Exercise
Output the first line below and each one after it, exactly, up to and including the line holding "Tủ nhựa 5 tầng". Pictures should not be copied.

Data below
BEGIN

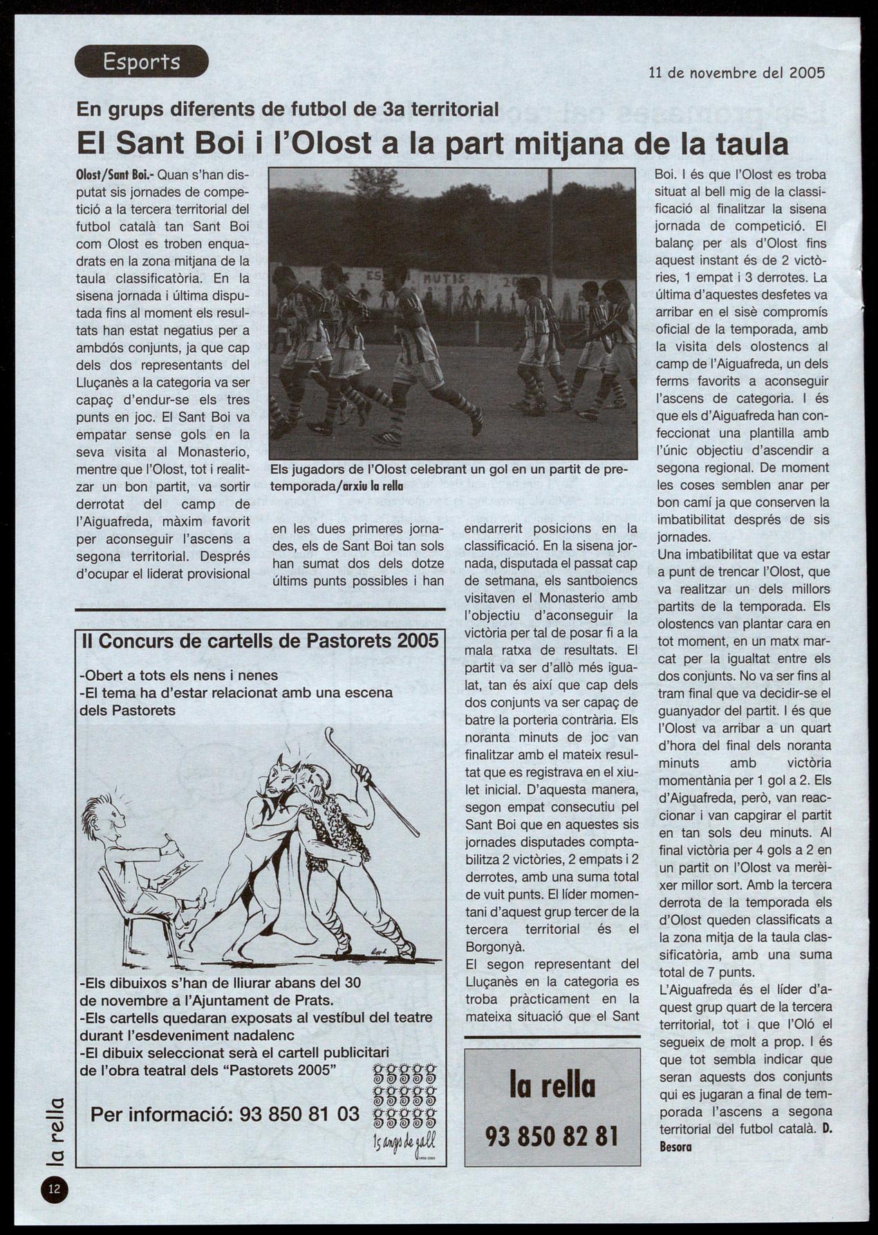 Olosl/Sonl Boi.- Quan s'han disputat sis jornades de competició a la tercera territorial del futbol català tan Sant Boi com Olost es troben enquadrats en la zona mitjana de la taula classificatòria. En la sisena jornada i última disputada fins al moment els resultats han estat negatius per a ambdós conjunts, ja que cap dels dos representants del Lluçanès a la categoria va ser capaç d'endur-se els tres punts en joc. El Sant Boi va empatar sense gols en la seva visita al Monasterio, mentre que l'Olost, tot realitzar un bon partit, va sortir derrotat del camp de l'Aiguafreda, màxim favorit per aconseguir l'ascens a segona territorial. Després d'ocupar elliderat provisional
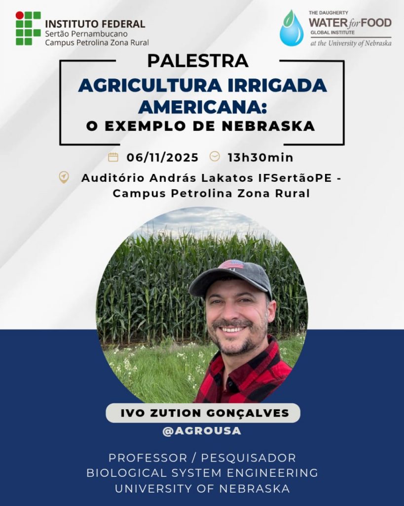 O campus Petrolina Zona Rural do IFSertãoPE realiza, no dia 6 de novembro, palestra com o tema “Agricultura Irrigada Americana: o exemplo de Nebraska”, ministrada pelo professor e pesquisador da University of Nebraska, Ivo Zution Gonçalves.
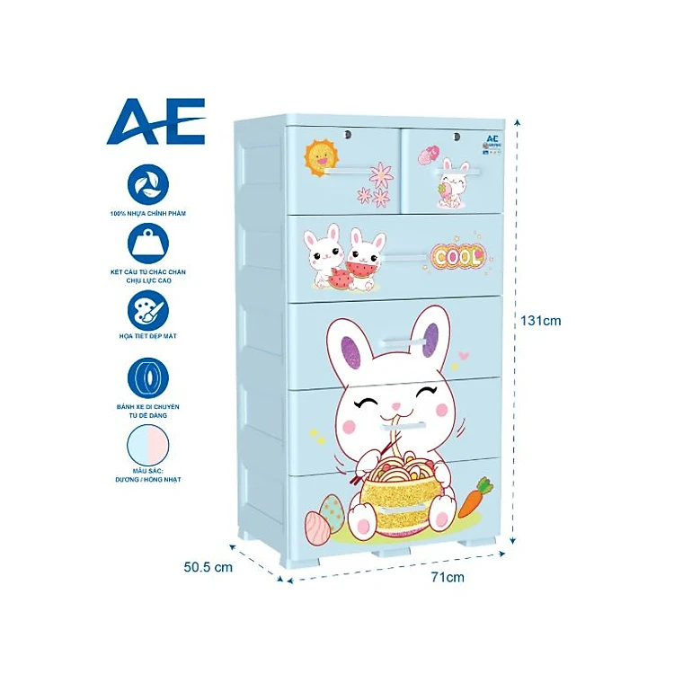 Tủ nhựa 5 tầng Qui Phúc AE màu xanh dương mẫu Rabbit KT 710 x 505 x 1310 mm _ Juno Sofa hàng lắp sẵn
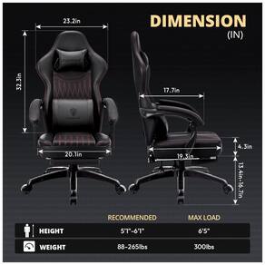 ALMOFADA DE MOLAS BOLSAS autênticos Incorporamos molas ensacadas independentes comumentes em colchões em nossa cadeira de jogos. As músicas distribuem o peso do corpo uniforme e forneçam o adequado do suporte, aliviando efetivamente uma pressão na região lombar. Além disso, o design apresenta os orifícios de ar que aumentam uma capacidade de carga do sistema de molas e, no mesmo tempo, minimizam ou ruem. ÁREA DE ASSENTO MAIOR Projeto de almofada de assento plano de referência uma área de assento mais espaçosa, com pelo menos de largura extra em comparação com as almofadas táticas de cadeiras de jogos. Uma remoção das mais tarde, reduzir a pressão nas pernas, permitir uma experiência de sentar mais relaxada e confortável. COURO PU ALTAMENTE RESPONSÁVEL Esta cadeira de jogo apresenta couro PU altamente respirável, proporcionando ventilação superior 33 vezes mais eficaz que o couro PU tradicional. O couro PU macio e flexível é costurado com habilidade para um nível excepcional de conforto, melhorando sua experiência geral de sentar. As rodas giratórias suaves de 360 graus permitem um movimento fácil e silencioso. O travesseiro lombar com um cabo USB proporciona uma massagem relaxante quando você se sente cansado. O encosto pode ser inclinado de 90 a 150 graus, tornando o adequado para trabalho, jogos, leitura ou cochilos. O apoio de cabeça e o travesseiro lombar também podem ser ajustados para garantir o máximo conforto.

END

Task response
 Olosl/Sonl Boi.- Quan s'han disputat sis jornades de competició a la tercera territorial del futbol català tan Sant Boi com Olost es troben enquadrats en la zona mitjana de la taula classificatòria. En la sisena jornada i última disputada fins al moment els resultats han estat negatius per a ambdós conjunts, ja que cap dels dos representants del Lluçanès a la categoria va ser capaç d'endur-se els tres punts en joc. El Sant Boi va empatar sense gols en la seva visita al Monasterio, mentre que l'Olost, tot realitzar un bon partit, va sortir derrotat del camp de l'Aiguafreda, màxim favorit per aconseguir l'ascens a segona territorial. Després d'ocupar elliderat provisional
 O campus Petrolina Zona Rural do IFSertãoPE realiza, no dia 6 de novembro, palestra com o tema “Agricultura Irrigada Americana: o exemplo de Nebraska”, ministrada pelo professor e pesquisador da University of Nebraska, Ivo Zution Gonçalves.
 Tủ nhựa 5 tầng Qui Phúc AE màu xanh dương mẫu Rabbit KT 710 x 505 x 1310 mm _ Juno Sofa hàng lắp sẵn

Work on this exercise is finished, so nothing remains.